Conseil Municipal de Port Louis
- In office 1909–1914

Ajum Goolam Hossen & Co.
- In office 1900–1901

Surtee Soonnee Mussulman Society
- In office 1897–1901

Personal details
- Born: Cassam Ajum Piperdy c. 1882 Port Louis, British Mauritius
- Died: Rander, Bombay Presidency, British Raj
- Citizenship: British Mauritius and British Raj
- Spouse: Fatima Anglia
- Parent: Ajum Goolam Hossen

= Cassam Ajum Piperdy =

Mauritian businessman and politician (c. 1882 – ?)

Cassam Ajum Piperdy (કાસિમ અજુમ પાઇપર્ડી c. 1882 – ?) was a Mauritian businessman and politician who played a significant role in the commercial and civic life of Mauritius during the early 20th century. He was a partner in the trading company Ajum Goolam Hossen and Co., which was owned by his father Ajum. Piperdy served as a municipal councilor, making him one of the earliest Muslim representatives in local government in Mauritius.

== Early life ==
Cassam Ajum Piperdy was born around 1882 in Port Louis, Mauritius. He was the second eldest son of Ajum Goolam Hossen, following his brother Ahmed Ajum Piperdy.

== Career ==
Cassam Ajum Piperdy became a partner in the trading company Ajum Goolam Hossen and Co. in 1900 until its dissolution in 1901. The company, founded by his father Ajum, was a prominent player in Mauritius' commercial landscape at the time.

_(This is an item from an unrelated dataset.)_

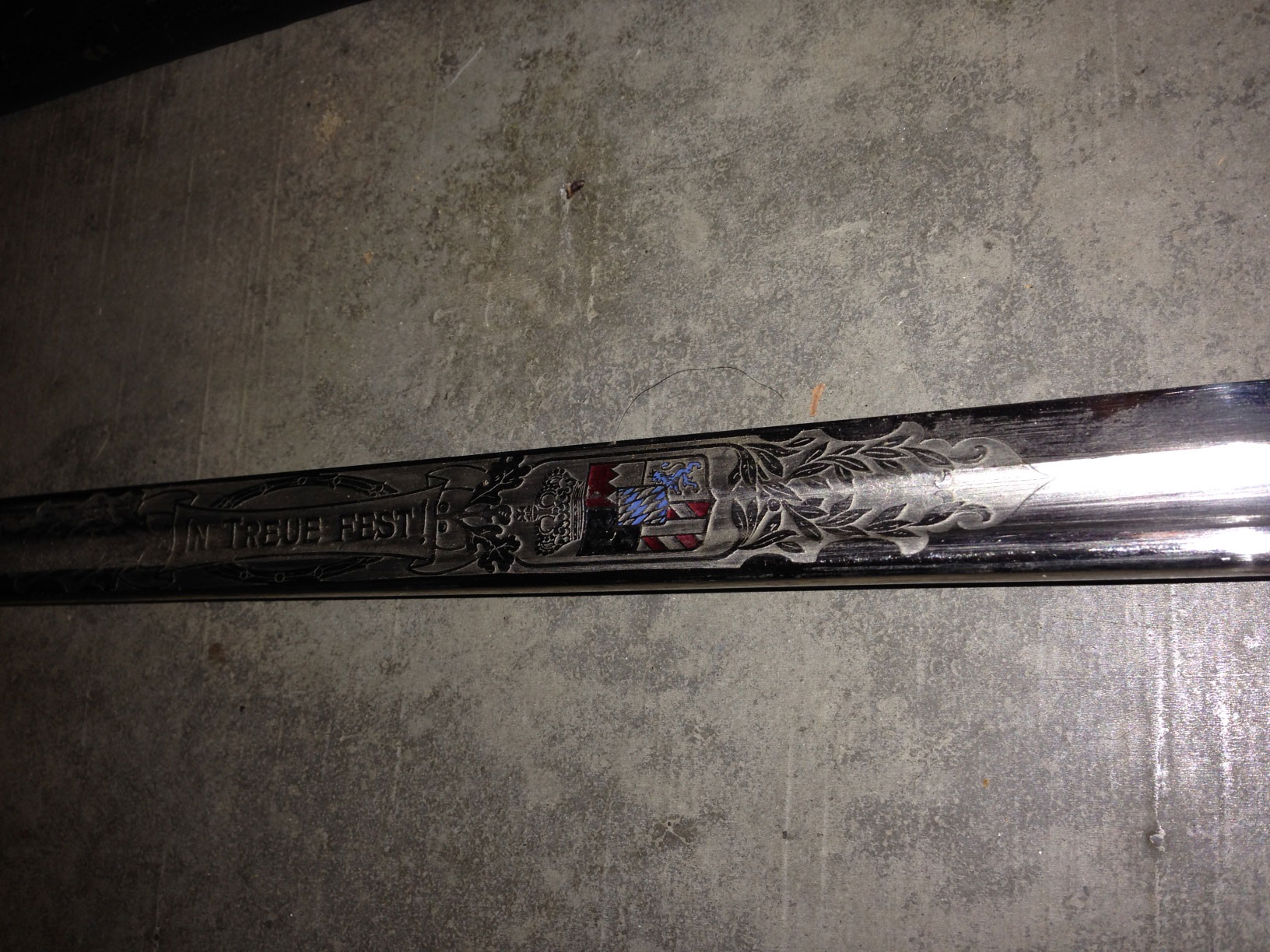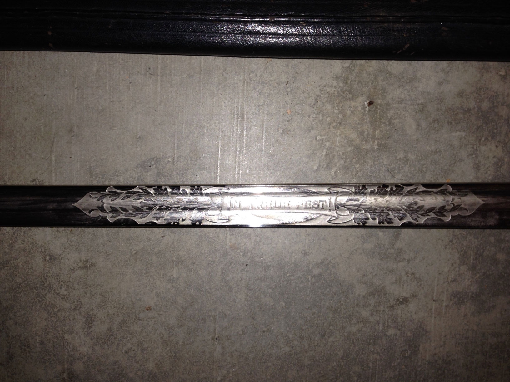 Ich finde kein vergleichbares Stück, da alle Seitengewehre die ich bisher recherchieren konnte nur eine blanke Klinge hatten. Das vorliegende hat beidseitig eine Gravur/Ätzung "In Treue fest!". Ist es möglich, dass es sich um eine Waffe für bessere Anlässe handelt? Die Klinge ist stumpf. Ich würde mich freuen, wenn ich hierzu mehr Infos von den Profis bekommen könnte.

Piperdy became the second-ever Muslim municipal councillor elected in Mauritius, serving alongside his brother Ahmed. At the time, few Muslims held municipal councillor positions. Dr. Hassen Sakir was the first Muslim municipal councillor of Mauritius, and Piperdy followed suit soon after.

In 1901, when Mahatma Gandhi visited Mauritius, Cassam and his father Ajum hosted Gandhi and his family, along with 200 other guests, at a building on Bourbon Street. Cassam, along with Rasool Hossen Ellam and Munshi Abdool Cadir, delivered the welcome speech during Gandhi's visit.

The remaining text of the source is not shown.